■ Exercise directions ■
Wherever a picture appears, skip it and retype the rest of the data exactly.

▬▬▬

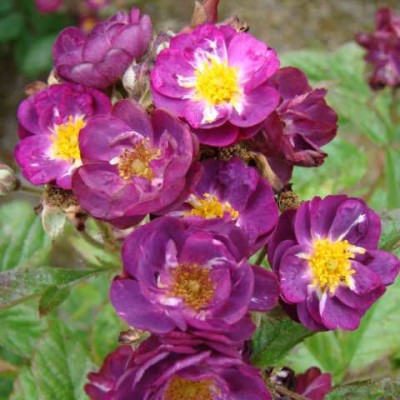 Цветение розы "Вайолет Худ" обильное и может повторяться несколько раз в течение сезона, вплоть до заморозков. Осенью на месте цветков появляются маленькие красные плоды шиповника, что делает этот сорт поистине экологичным.
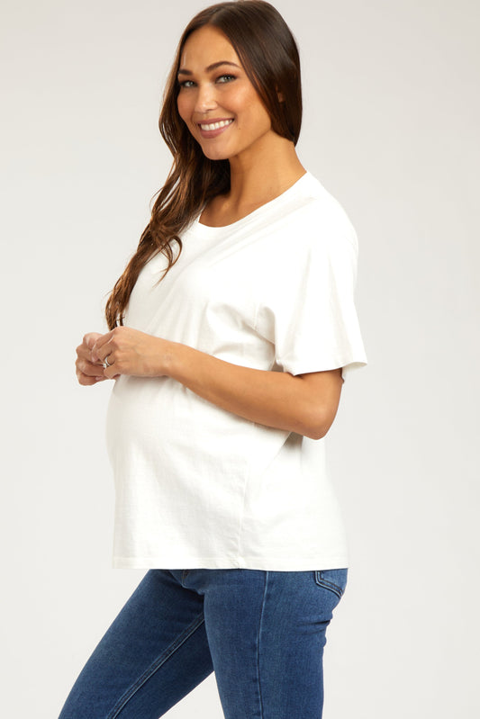 White Textured Stripe Halter Side Slit Maternity Maxi Dress
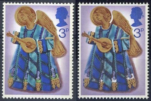 3p. Angel playing lute, variety bright green omitted, unmounted mint, fine. With normal for comparison. S.G. 914b, £300. GBR 1828b, £300, quantity: 150
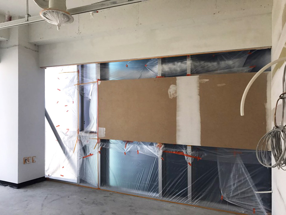 업체에서 칠판을 부착할 수 있도록 미리 보강공사를 해 놓으셨습니다.
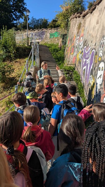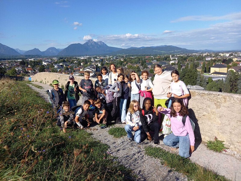 in der ersten Schulwoche und wanderten von der Müllner Kirche auf den Mönchsberg. Über die steile Stiege mit gutem Ausblick auf die Salzburger Brücken und die Festung ging es zuerst zum Klettspielplatz. Dort tobten und jausneten wir bis so viele andere Klassen kamen, dass es uns zu voll wurde. Dann spazierten wir Richtung Johannes Schlössl und legten im Wald Mandalas aus Dingen, die wir fanden wie Stöcke, Steine, Blätter, Zweige. Jede Gruppe stellte ihr Werk am Ende vor. Schließlich wurde noch auf einer Wiese in der Nähe des Museums der Moderne Fußball gespielt oder getratscht. Da das Wetter so herrlich warm war und wir noch genügend Zeit hatten, spazierten wir von Mülln an der Salzach entlang bis zur Schule zu Fuß. Das war ganz schön weit!
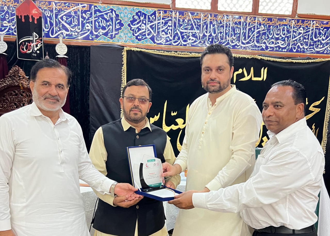Islamabad (TNS) Asghar Ali Mubarak, Fida Abbas Zaidi presenting shields to Ajmal Zaidi and others of Al-Qaim Lawyers Forum on the occasion of the 12th annual foundation day of Imamia Disaster Management Cell.
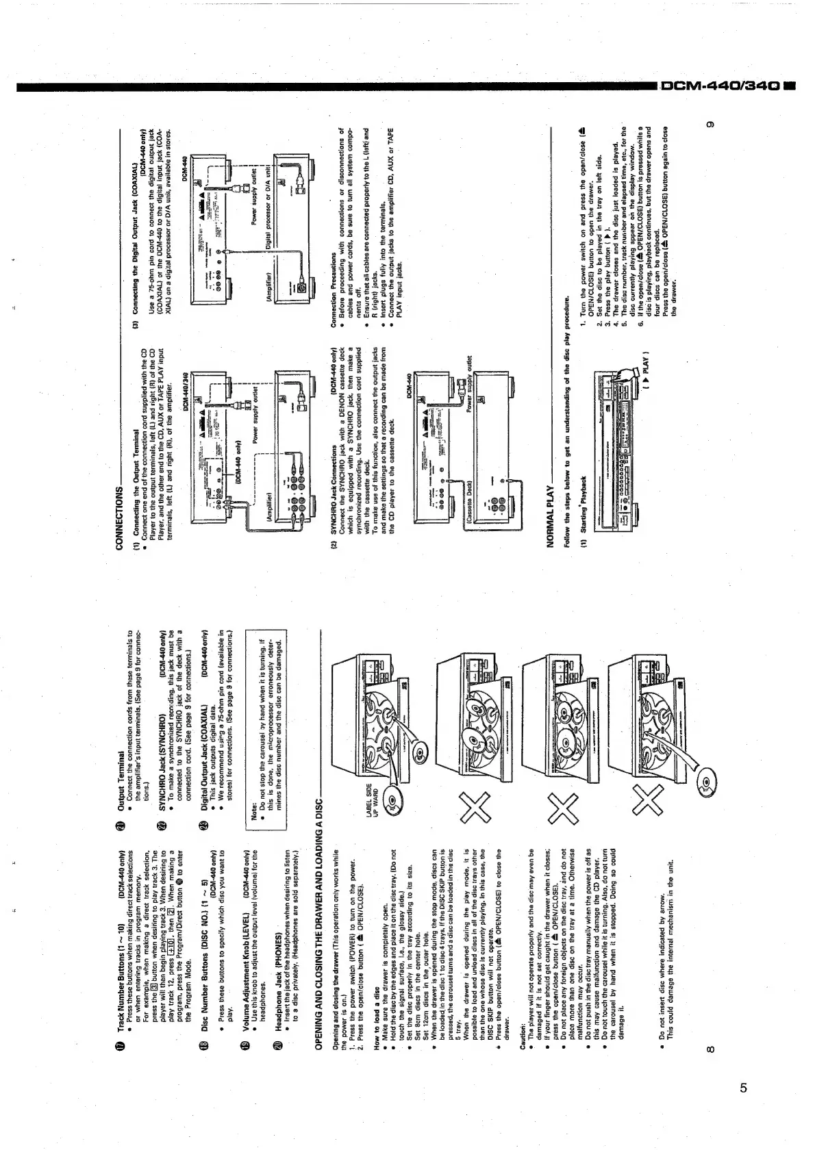 Denon DCM-440 - Setup and Connections; Opening and Closing the Drawer and Loading a Disc; Connections
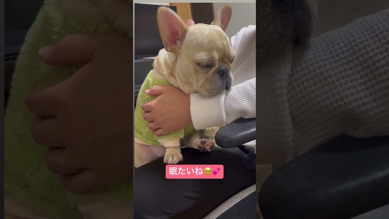 「眠さが限界突破したフレンチブルドッグの様子がこちら」

▬▬▬

■ Answer section ■
 Цветение розы "Вайолет Худ" обильное и может повторяться несколько раз в течение сезона, вплоть до заморозков. Осенью на месте цветков появляются маленькие красные плоды шиповника, что делает этот сорт поистине экологичным.
 White Textured Stripe Halter Side Slit Maternity Maxi Dress
 3p. Angel playing lute, variety bright green omitted, unmounted mint, fine. With normal for comparison. S.G. 914b, £300. GBR 1828b, £300, quantity: 150
 업체에서 칠판을 부착할 수 있도록 미리 보강공사를 해 놓으셨습니다.
 in der ersten Schulwoche und wanderten von der Müllner Kirche auf den Mönchsberg. Über die steile Stiege mit gutem Ausblick auf die Salzburger Brücken und die Festung ging es zuerst zum Klettspielplatz. Dort tobten und jausneten wir bis so viele andere Klassen kamen, dass es uns zu voll wurde. Dann spazierten wir Richtung Johannes Schlössl und legten im Wald Mandalas aus Dingen, die wir fanden wie Stöcke, Steine, Blätter, Zweige. Jede Gruppe stellte ihr Werk am Ende vor. Schließlich wurde noch auf einer Wiese in der Nähe des Museums der Moderne Fußball gespielt oder getratscht. Da das Wetter so herrlich warm war und wir noch genügend Zeit hatten, spazierten wir von Mülln an der Salzach entlang bis zur Schule zu Fuß. Das war ganz schön weit!
Islamabad (TNS) Asghar Ali Mubarak, Fida Abbas Zaidi presenting shields to Ajmal Zaidi and others of Al-Qaim Lawyers Forum on the occasion of the 12th annual foundation day of Imamia Disaster Management Cell.
 Denon DCM-440 - Setup and Connections; Opening and Closing the Drawer and Loading a Disc; Connections
 「眠さが限界突破したフレンチブルドッグの様子がこちら」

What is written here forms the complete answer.